Моя политика AS3 Bucket применяется только к некоторым объектам

0 голосов
/ 21 апреля 2020

Мне очень трудно настроить политику корзины, похоже, моя политика корзины применима только к некоторым объектам в корзине.

То, что я хочу, довольно просто: я храню видеофайлы в я хочу, чтобы их можно было загружать исключительно с моего веб-сайта.

Мой подход состоит в том, чтобы заблокировать все по умолчанию, а затем добавить разрешающие правила:

  • Предоставить полные права на root и пользователь Алисы.
  • Предоставьте publi c доступ к файлам в моем корзине только от указанных c рефереров (мои веб-сайты).

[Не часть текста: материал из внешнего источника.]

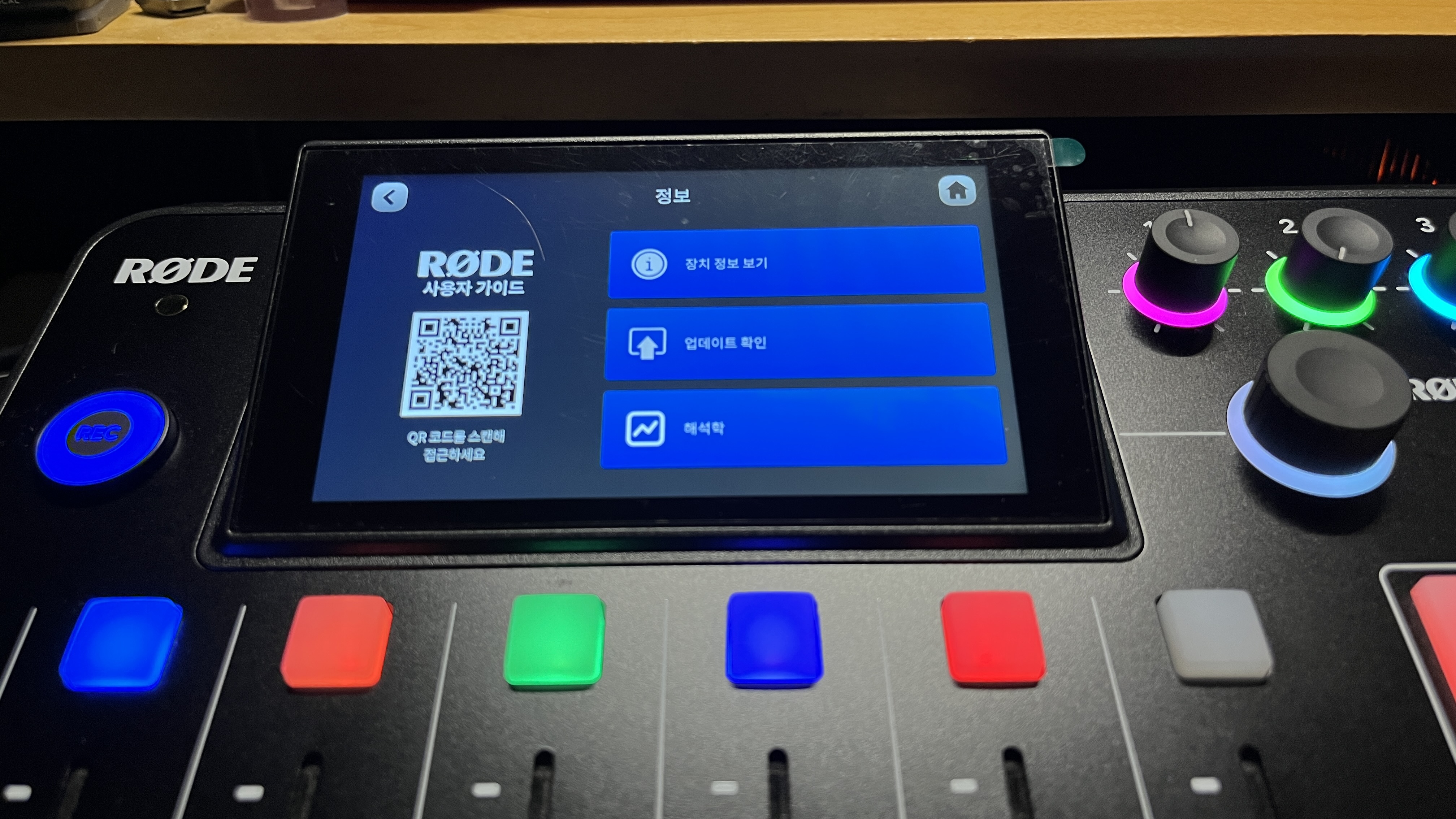 정보 항목에서는 RøDECaster Pro II 장치 정보나 업데이트 확인, 그리고 "해석학"으로 번역된 장비 분석 세팅을 할 수 있다. 좌측의 QR 코드는 제품 매뉴얼로 연결되는 코드다. 만일 RøDECaster Pro II를 사용하다가 모르는 부분이 있다면 QR로 제품 매뉴얼을 확인해 보자.
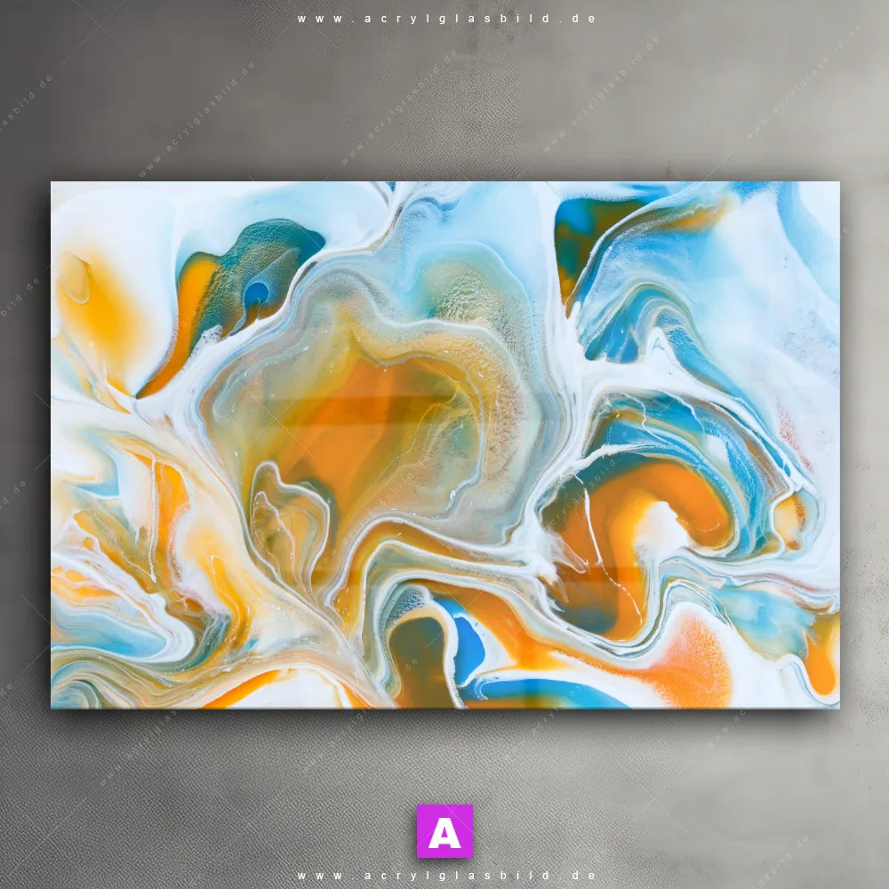 Das Motiv Fluid Art Lagune wird im UV-Direktdruck in den Farben Blau, Weiss, Beige, Ocker, Orange, Hellblau auf die Rückseite einer 5mm starken, transparenten Acrylglasplatte gedruckt. Das durchscheinende Motiv abstrakte Schneeoptik im Abstrakt, Modern Art Stil wird anschließend vollflächig mit einer weißen Schicht hinterlegt. Das Muster - Texturen Acrylglasbild | Querformat erhält so eine bemerkenswerte Farbbrillanz, hohe Schärfe und erstaunliche Tiefenwirkung.

Примечание: я вручную сделал все объекты 'publi c' и мои настройки для Block Publi c Access все установлены на Off.

Может кто-нибудь увидеть какие-либо очевидные ошибки в моей политике корзины? Я не понимаю, почему моя политика работает только для некоторых файлов. Большое спасибо 

{
    "Version": "2012-10-17",
    "Statement": [
        {
            "Effect": "Deny",
            "Principal": "*",
            "Action": "s3:*",
            "Resource": "arn:aws:s3:::MY_BUCKET/*",
            "Condition": {
                "StringNotLike": {
                    "aws:Referer": [
                        "https://mywebsite1.com/*",
                        "https://mywebsite2.com/*"
                    ]
                }
            }
        },
        {
            "Effect": "Allow",
            "Principal": "*",
            "Action": "s3:GetObject",
            "Resource": "arn:aws:s3:::MY_BUCKET/*",
            "Condition": {
                "StringLike": {
                    "aws:Referer": [
                        "https://mywebsite1.com/*",
                        "https://mywebsite2.com/*"
                    ]
                }
            }
        },
        {
            "Effect": "Allow",
            "Principal": {
                "AWS": [
                    "arn:aws:iam::426873019732:root",
                    "arn:aws:iam::426873019732:user/alice"
                ]
            },
            "Action": "s3:*",
            "Resource": [
                "arn:aws:s3:::MY_BUCKET",
                "arn:aws:s3:::MY_BUCKET/*"
            ]
        }
    ]
}

1 Ответ

0 голосов
/ 22 апреля 2020

Управление доступом через aws:Referer небезопасно. Это можно преодолеть довольно легко. простой веб-поиск предоставит множество инструментов, которые могут выполнить sh this.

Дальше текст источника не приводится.